The testimony showed that in 1973 Olin received a few complaints of short weight fertilizer from the area served by the Central facility. Beginning in the spring of 1974, fertilizer was in critically short supply and the demand was very great. Olin's field representative, C. G. Clark, who serviced most of its customers in that area, began to receive widespread complaints about short weights. As part of his initial investigation, he weighed bags which had been shipped by Central to various Olin dealers and found that although the bags were labeled as containing 50 pounds, "(Y)ou wouldn't have a bag that would come up to 50 pounds. In other words you've got a pattern of two, three, five, I weighed some as low as 35 pounds at Mize Co-Op and C. D. Ramsey, Jr. . . ." At Natchez Plantation Supply he weighed a number of bags and they were less than 50 pounds. "I don't think we ever had a bag that weighed 50 and a half pounds. It was less than 50 gross."


A number of Olin dealers who had received shipments from Central testified that they had been receiving short weights but had put up with it because of the then prevalent shortage. A dealer from Magnolia, Mississippi who had received an allotment of 800 tons of Olin fertilizer weighed one of his customers' trucks and found that it was 2,150 pounds short on a 20 ton purchase. As a result he spot checked his entire warehouse and found that out of 20 bags, each of them weighed from 46 to 48 pounds, including the bag, which weighs about three-quarters of a pound. A dealer from Mt. Olive, Mississippi purchased eight loads of fertilizer, each supposedly containing seven and one-half tons, which he picked up from Central. He found that he was short-weighted by about 1,000 pounds per load and verified the short weight by weighing the bags finding each of them to be about three to five pounds short. A dealer in Utica, Mississippi, who had purchased 15 truckloads of eight tons each which he received from the Central terminal, noticed that several of the bags were clearly underweight. As a consequence, he checked the weight of each bag on one of the loads and found them to average 47 pounds each.


A Hazelhurst dealer who died in May, 1974, had an allocation for that year of 50 tons which he picked up and disposed of early in the spring. Before his death he had approached Mr. Clark in an attempt to get additional fertilizer. Mr. Clark told him that he had already received all the Olin fertilizer that was available to him. The dealer pulled out a large roll of money and said, "(T)his says I can get a little fertilizer, I believe 20 tons, by this time tomorrow, in the morning." After the dealer's death, the Hazelhurst business was acquired by a successor owner whom Mr. Clark visited. During that visit, he observed Olin fertilizer in 50 pound bags being unloaded from a small truck. He then noticed about five to six tons of fertilizer stacked in the warehouse.
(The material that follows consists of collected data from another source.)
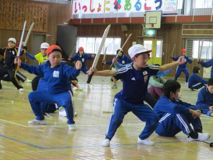 4年生と6年生で赤澤鎧剣舞の練習を行ってきています。
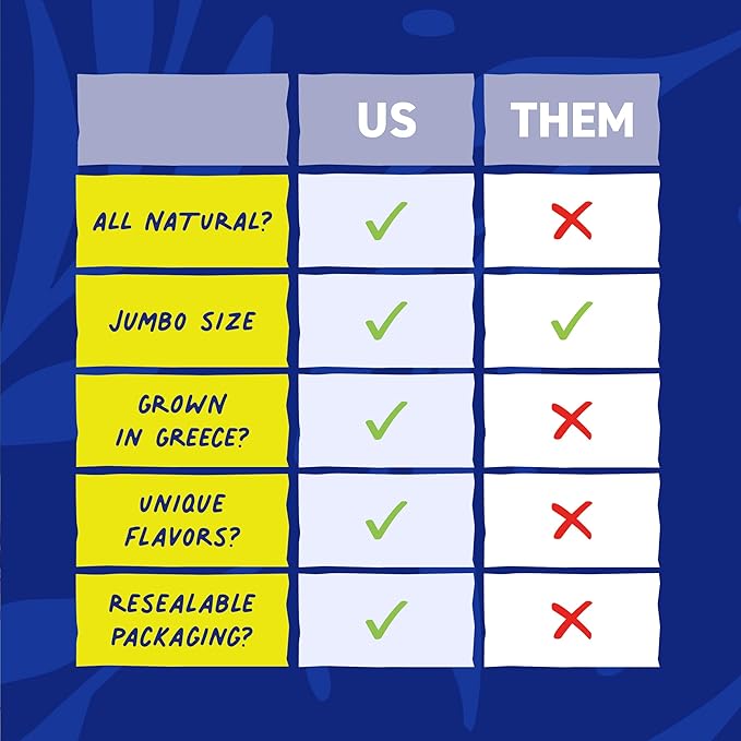 - OLIVES REIMAGINED - Our high-quality olives are grown in Greece, then carefully marinated to bring you five unique flavors. Eat them all at once or save them for later in our resealable, liquid-free pouches (if they last that long)!
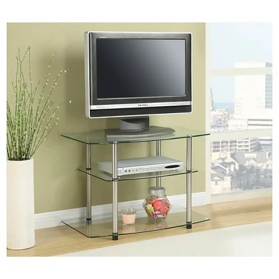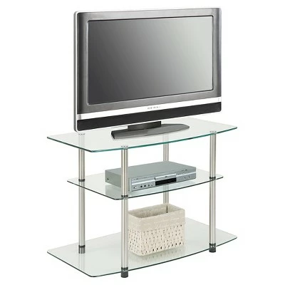 Designs2Go Classic Glass TV Stand from Breighton Home is the perfect complement to any living room decor. Featuring an open modern design that allows for easy cable management and 3 spacious glass shelves that will give you plenty of room for all of your media components. Surely will provide years of enjoyment
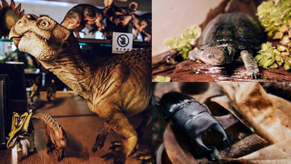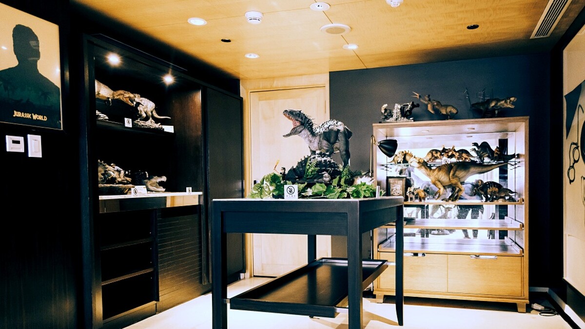 步入套房後,一尊高1米7巨型恐龍模型便等著你合照,周遭陳列百萬珍藏恐龍化石,以及包含雨林蠍、帝王扁鍬形蟲、宏都拉斯捲毛蜘蛛、巨人馬陸、高冠變色龍、刺蝟等,令人睜大眼睛一探究竟。特別的還在後頭,浴室更打造南美蜥、烏龜生態環境,將精緻套房設施變身熱愛叢林秘境。
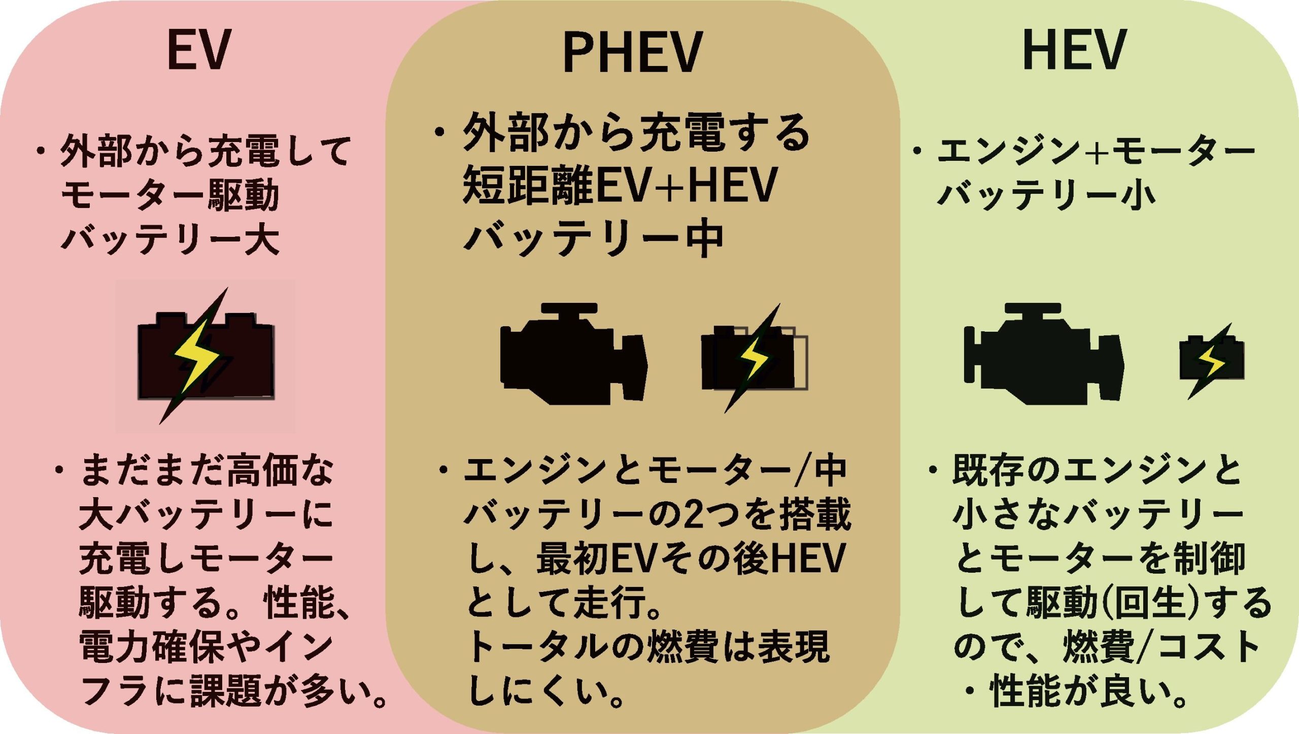 エコカーにはハイブリッド車(HEV)、プラグインハイブリッド車(PHEV)、燃料電池車(FCV)、バッテリー電気自動車(BEV)、レンジエクステンダー(REX)…さまざまなな種類があるが、ユーザーにとって、それぞれの構造や性能については良...
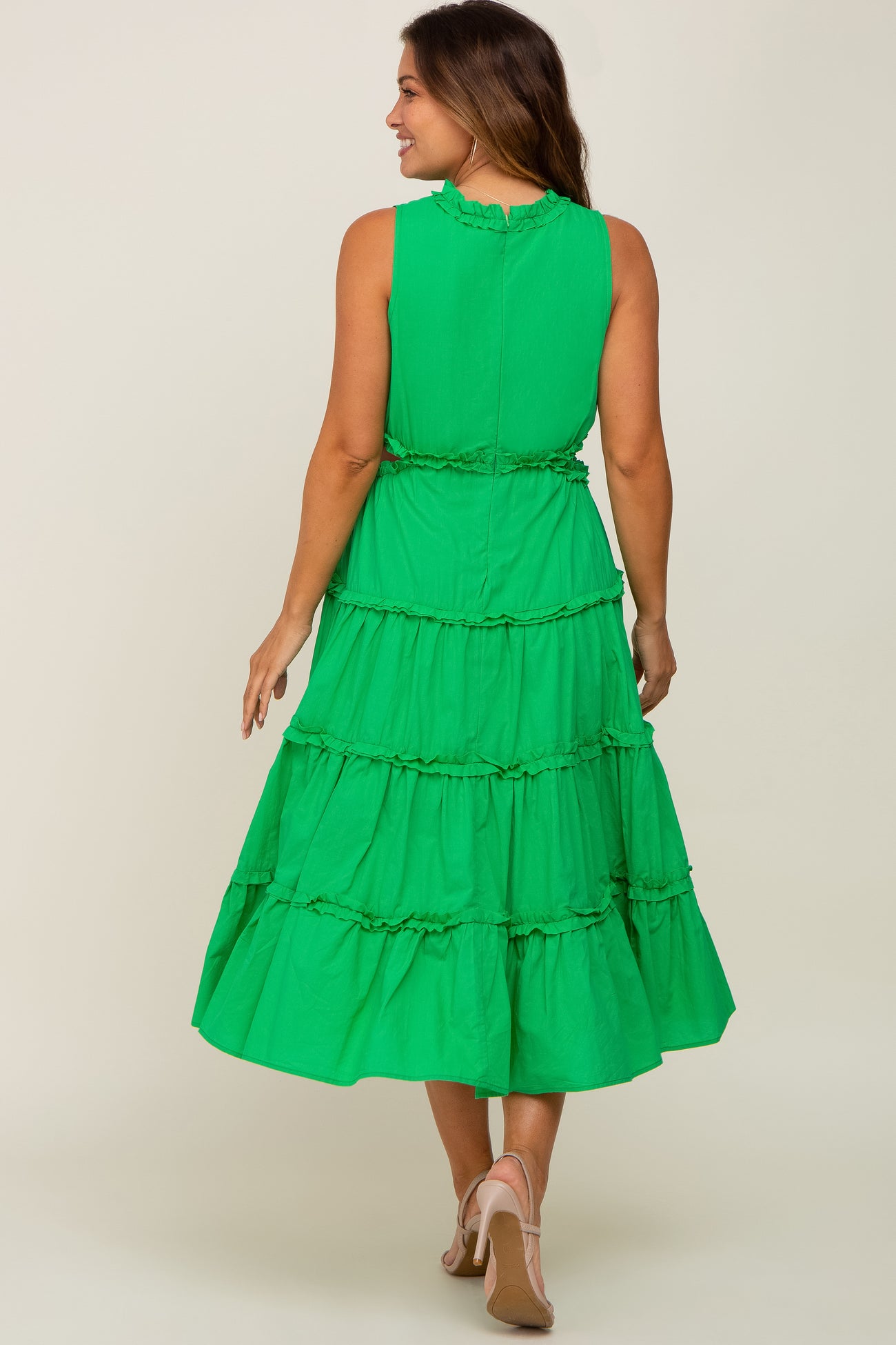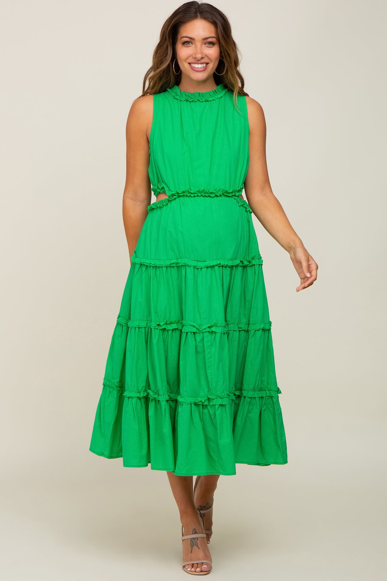 Green Tiered Ruffle Cutout Maternity Midi Dress
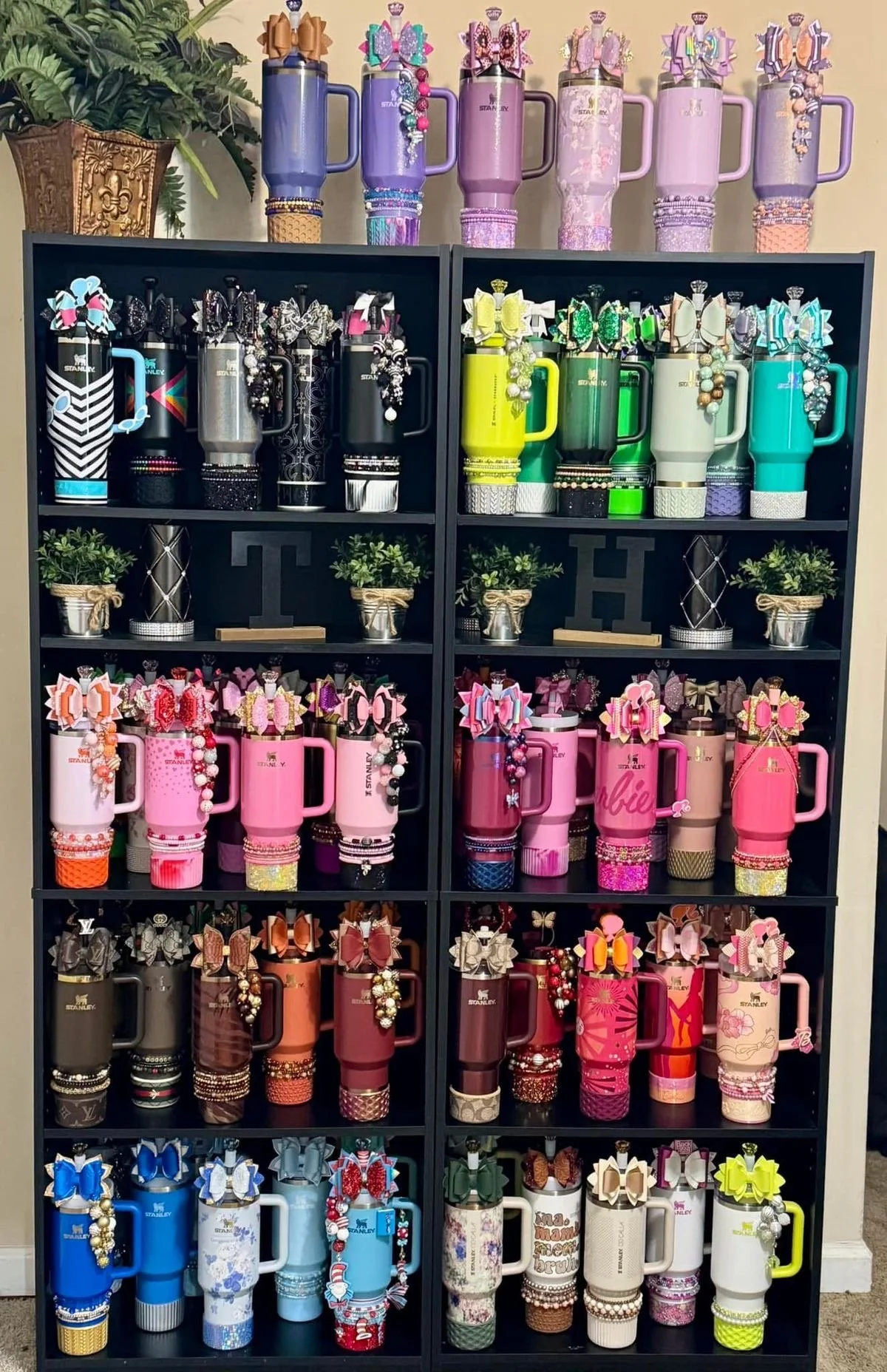Stanley cups are another point of the “overconsumption core” at its finest. Accounts like RayahSunshine show just how quickly the Stanley Cup fad took the internet by storm. She has accumulated 10.4 million likes on her TikTok videos that showcase countless Stanley Cups in her home. From her videos, it appears she has enough cups to fill at least two, four-story shelves (including cups on top), which stand on either side of a cup-filled china cabinet. The drawers house her dozens of accessories.
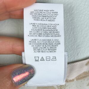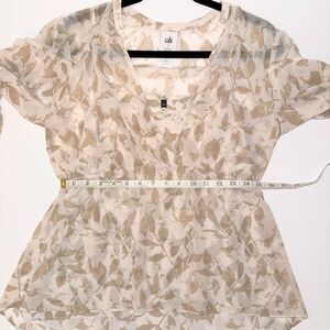 Cabi Couplet Blouse in a beige and cream abstract botanical leaf print. This beautiful, flowy boho top features a sheer chiffon long sleeve v neck top layer and an added matching cami for coverage. Long, billowy balloon sleeves with bottom cuffs for a soft romantic feel with stunning seam detail at shoulders. Excellent used condition. Women's size S small, measurements pictured.
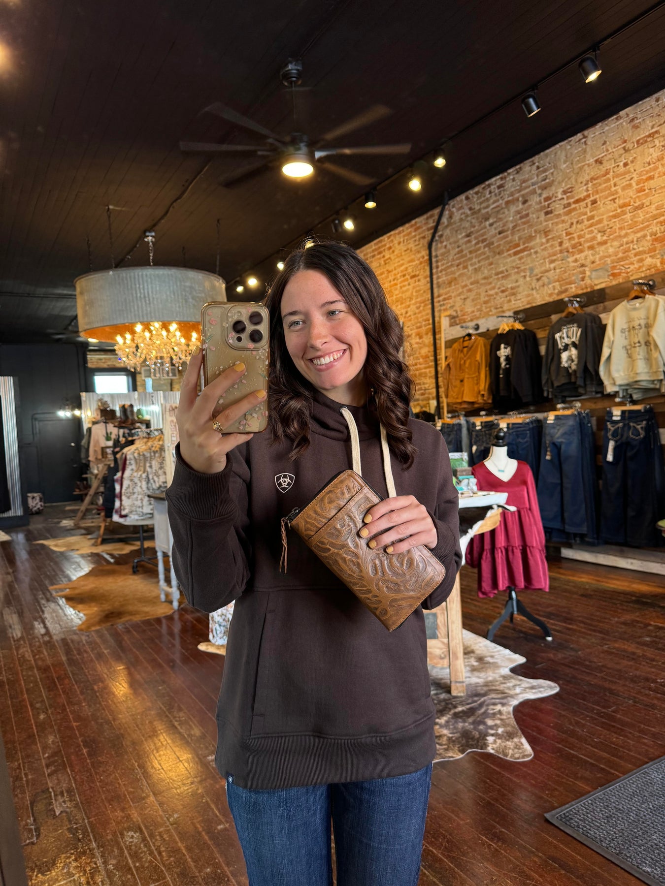 Someone once told me, “Being all-natural is the prettiest.” And honestly? They weren’t wrong. This Mathis wristlet brings that same effortless beauty—no filters needed. She’s hand-tooled, hand-dyed, and full of quiet confidence. Whether you're rocking a full face and boots or keeping it casual in sweats, this wristlet is your go-to for polished practicality.
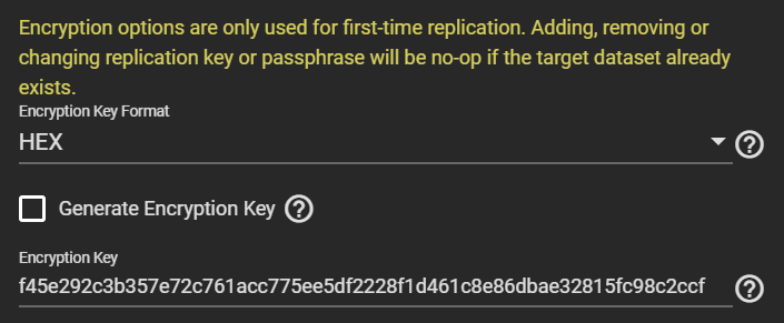 - Select HEX or Passphrase, but this won’t change the fact that TrueNAS will storage the generated key/passphrase to

He inquired of an employee as to the source of the fertilizer. Thereafter he and an Olin investigator visited the Bracken Farm,4 where they noticed a pile of bulk fertilizer out in the yard. They also noticed a small building with filled Olin fertilizer bags stacked to the overhead. He and the investigator estimated that there was between 16 and 20 tons of fertilizer in the sheds if the bags were filled with fertilizer. On a subsequent visit they went inside a barn about 40 by 40 feet across and about 25 feet high. One side was almost full of Olin fertilizer bags stacked about ten feet high. They counted the bags as well as they could and estimated that there was 60 to 80 tons of fertilizer in that half of the barn if the bags contained fertilizer. As a consequence of their discovery they visited co-ops and distribution centers within a 75 mile radius of Hazelhurst, but could find no one who had sold fertilizer to "Pop" Bracken.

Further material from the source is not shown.